TRY IT – Copy out the lines beginning with the one that contains "People live in the" and ending with the last line below, exactly as they stand. Pictures are not copied.
-- EXERCISE MATERIAL follows --
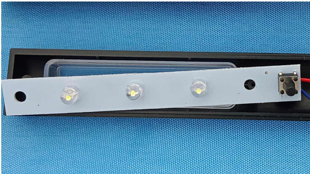
Fig.4– LED view of the product
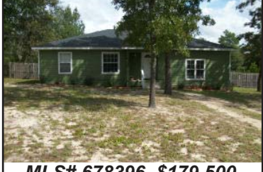
MLS# 678396 $179,500

Very well maintained 3BR/2BA home on a quiet street. This fully fenced home has a gleaming pool and perfect patio for summer entertaining. The home has beautiful hardwood floors, is open bright and light. The family room opens to the pool and the nicely landscaped yard.
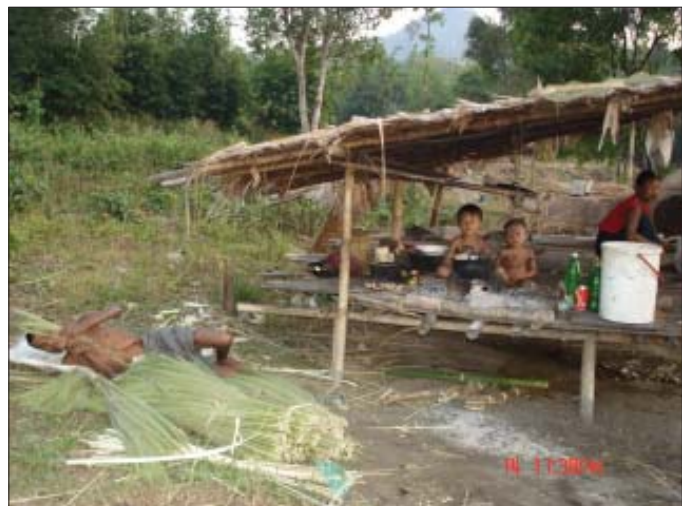
Livelihood of unable person with two children in Cheik-Doik IDP site

People live in the valleys where the weather is always cool. The areas are small and the people live in small bamboo houses without enough fencing to keep out the cold. The IDP camps are crowded and living conditions are not very good. There is not enough food for the children and there is a lot of child malnutrition.
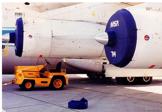
Intake Covers for Lockheed C-141
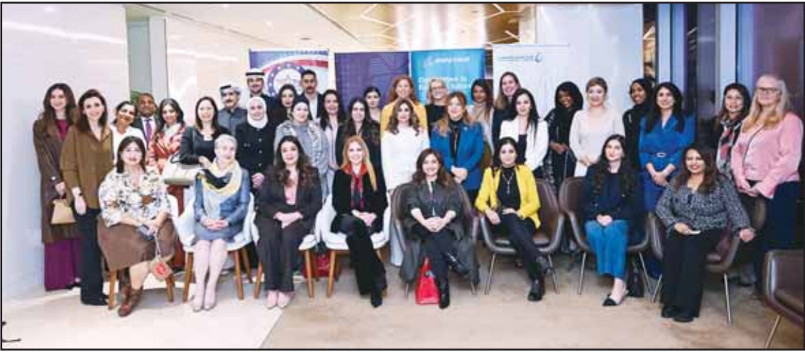
Photo during the event.

Throughout the session, speakers highlighted the growing
-- EXERCISE MATERIAL concluded --
WRITTEN ANSWER –
People live in the valleys where the weather is always cool. The areas are small and the people live in small bamboo houses without enough fencing to keep out the cold. The IDP camps are crowded and living conditions are not very good. There is not enough food for the children and there is a lot of child malnutrition.
Intake Covers for Lockheed C-141
Photo during the event.

Throughout the session, speakers highlighted the growing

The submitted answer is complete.